Figure 4. Apoptosis measurements.

Apoptosis was determined by flow cytometric analysis using double staining of cells with Annexin V/PI. (A). Representative flow cytometric analysis of cells harvested from rats in the EAE and EA groups. (B). Percent number of cells undergoing apoptosis in rats from the EAE and EA groups over time. *P<0.05.

Figure 5. Effect of β-endorphin on lymphocytes apoptosis.

Lymphocytes were harvested from EAE and cultured with 10⁻⁸ M β-endorphin. To detect apoptotic lymphocytes flow cytometric analysis was applied. (A). Representative flow cytometric analysis of apoptotic cells. (B). Percent number of cells undergoing apoptosis in the EAE lymphocytes, cultured with β-endorphin or β-endorphin and nalxone. **P<0.01 control vs. 10⁻⁸ M β-endorphin.

Figure 6. Effect of EA on β-endorphin levels in EAE rats.

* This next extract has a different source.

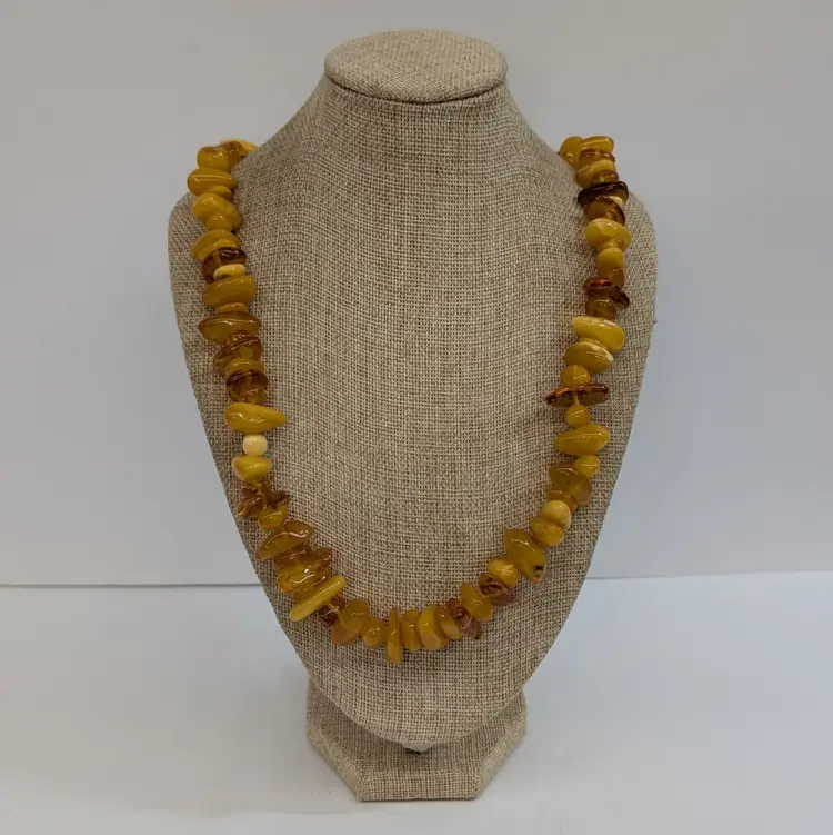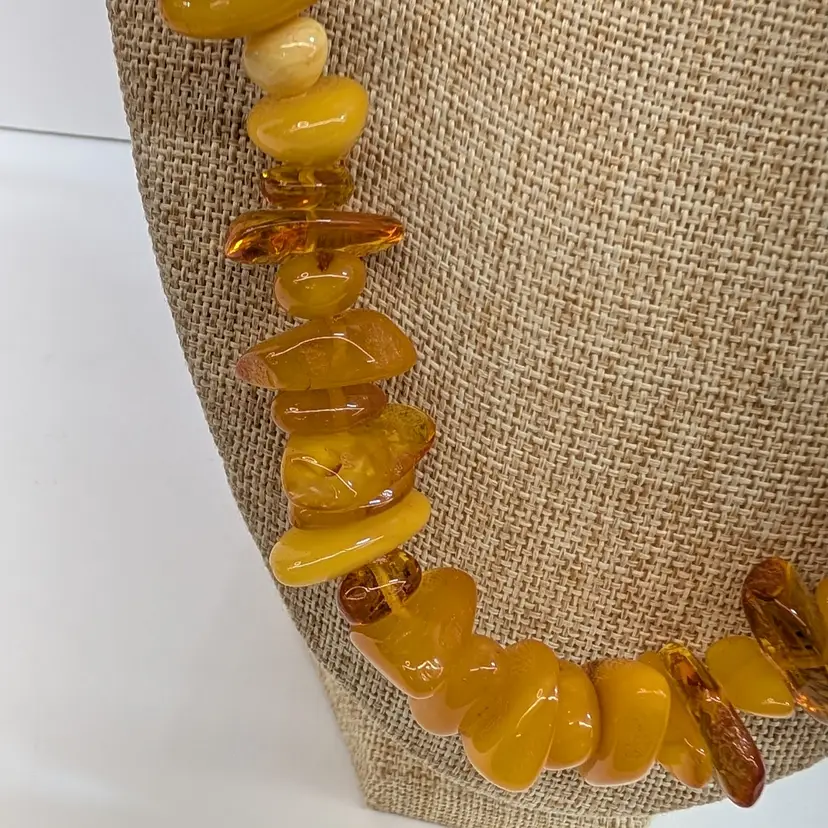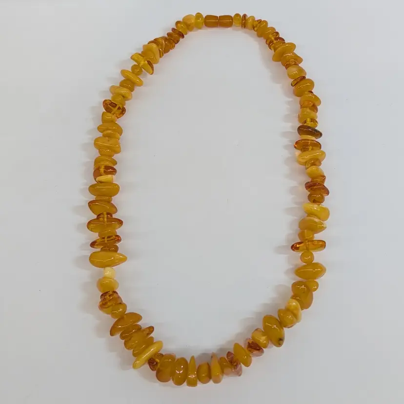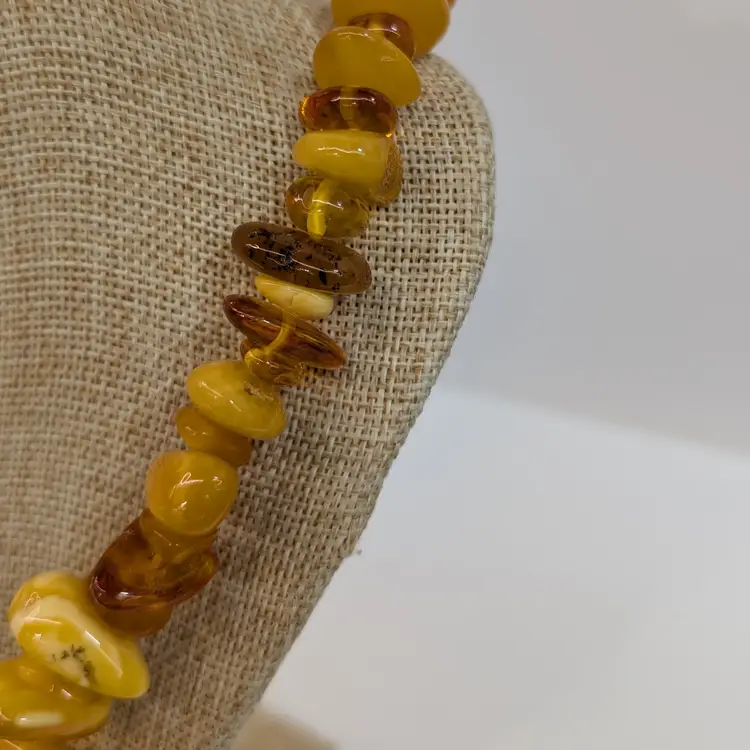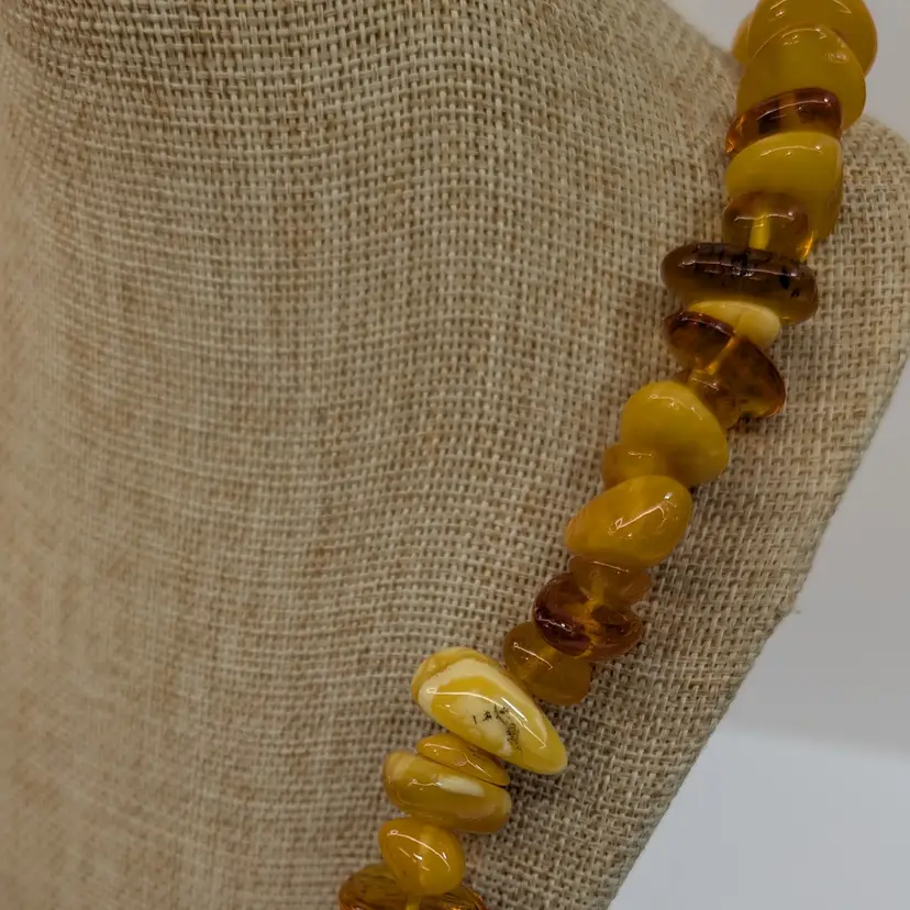 Beautiful, single stand amber necklace with a nice mix of transparent and egg yolk tumbled beads. In nice, used condition with a hidden barrel clasp. Measurements 25" long and 73 grams

Rats from the respective groups were sacrificed at 7, 14, or 21 d post-immunization with MBP_68–86 and the β-endorphin levels present in (A) plasma and (B) hypothalamus determined. Values are expressed as the mean ± SE of x observations (n = 5, *P<0.05, **P<0.01 EA vs. EAE group).

Figure 7. Expression of β-endorphin in spleen tissue sections.

Immunohistochemical staining of β-endorphin positive cells in rat splenic tissues from EAE and EA rats 14 days post immunization. (A) β-endorphin positive cells in EAE rats. (B) β-endorphin positive cells in EA rats. Magnification: ×100.

Figure 8. Effect of EA on CD4⁺ T cell β-endorphin expression in EAE rats.

Lymphocytes from either EAE, EA, or NAL rat groups were isolated on day 14 post immunization. CD4⁺ cell expression of β-endorphin was assessed by flow cytometry. (A). Representative flow cytometric analysis of cells harvested from rats in the EAE, EA and NAL groups. (B). Percent number of CD4⁺ T cells β-endorphin expression in rats from the EAE, EA and NAL groups. *P<0.05.

Figure 9. Subtype changes in MBP_68–86-specific lymphocytes following co-culture with β-endorphin and/or naloxone.

Lymphocytes co-cultured with β-endorphin and/or naloxone for 72 h cells were collected and CD4, IFN-γ, IL-4, IL-17, and FoxP3 expression levels analyzed by flow cytometry. Representative results from 3 separate experiments are shown.